Quantization-aware pruning (QAP) combines pruning with quantization-aware training. The goal is to reduce the model size after quantization, resulting in a more efficient neural network without significantly sacrificing accuracy.

In QAP, pruning and quantization effects are applied simultaneously during training.

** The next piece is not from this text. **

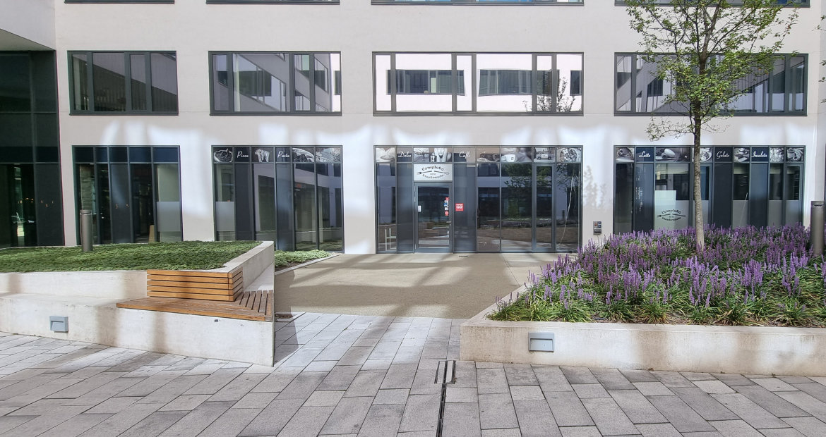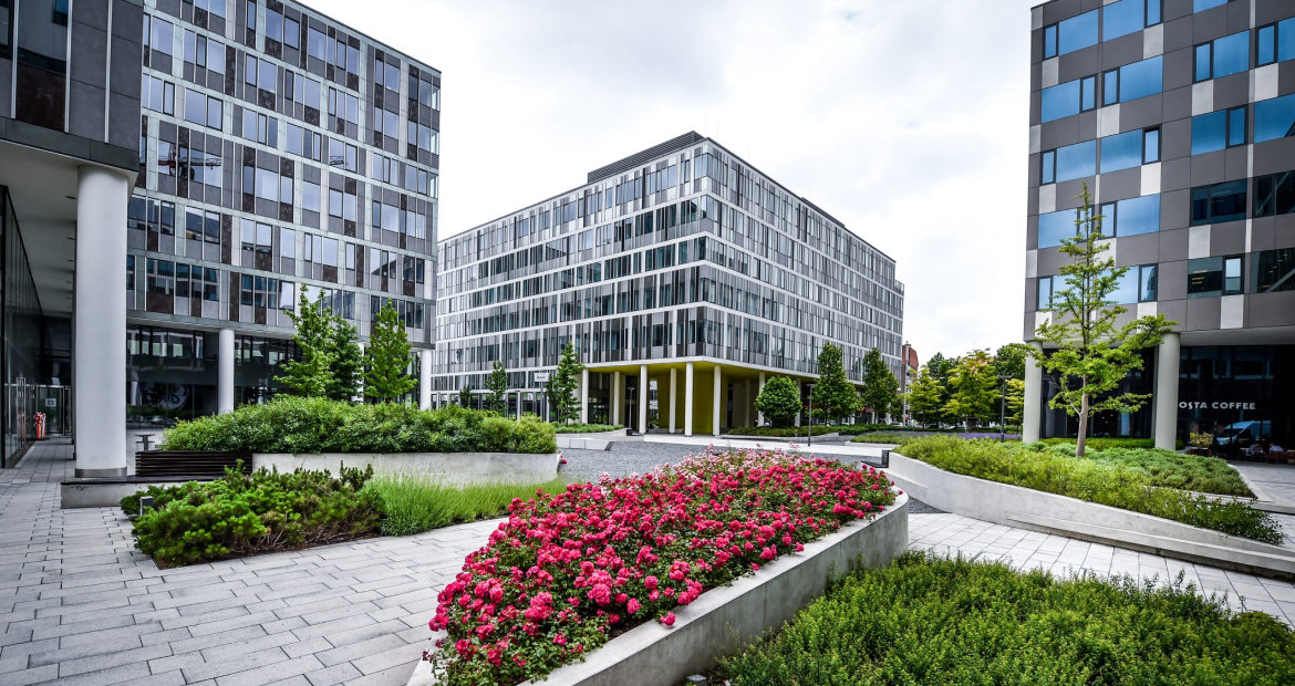 The Váci Greens office park building "D" is an exclusive A+ category office space located in the 13th district of Budapest, in the Váci Office Corridor, at the corner of Váci út and Fiastyúk utca, surrounded by a unique green environment. By diagonally cutting through the lower two floors of the building and opening up the inner courtyard in between, Building "D" provides a main access to the central square for those arriving from the subway. The resulting internal open atrium provides cafes and restaurants as amenities for those seeking refreshment.
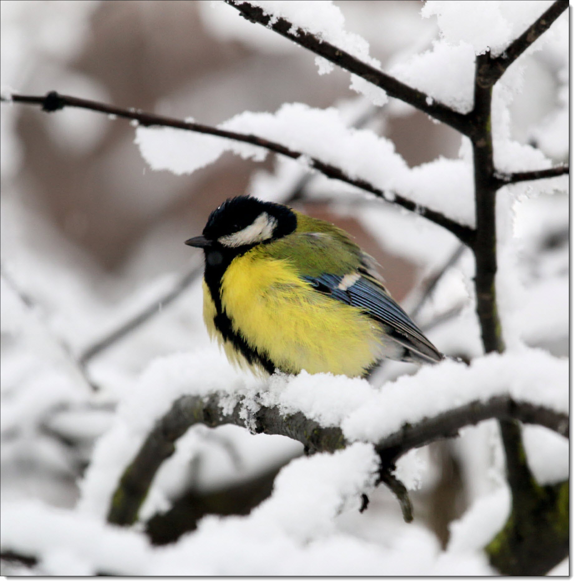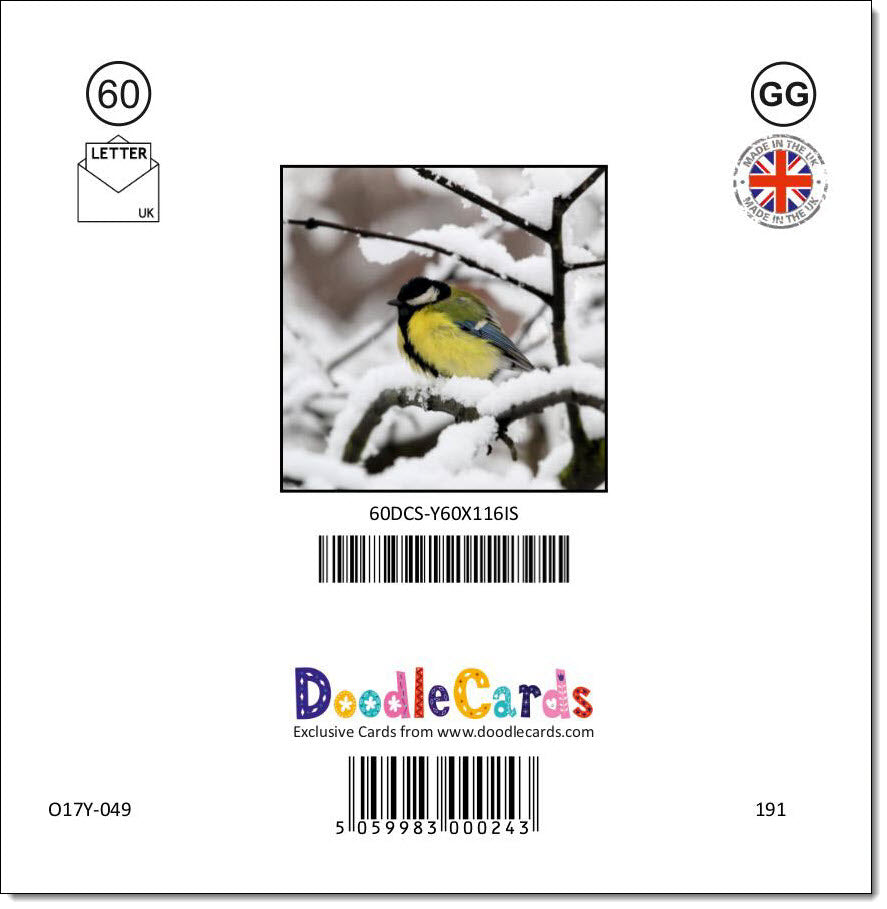 Pack of 10 Square Christmas Cards Great Tit in the Snow

An incorrect pruning schedule may lead to excessive accuracy degradation.

In [None]:
import math

epochs = 16
batch = 64
val_split = 0.2

# Number of training samples after validation split
n_train_samples = int(x_train_norm.shape[0] * (1 - val_split))

# Steps per epoch
steps_per_epoch = math.ceil(n_train_samples / batch)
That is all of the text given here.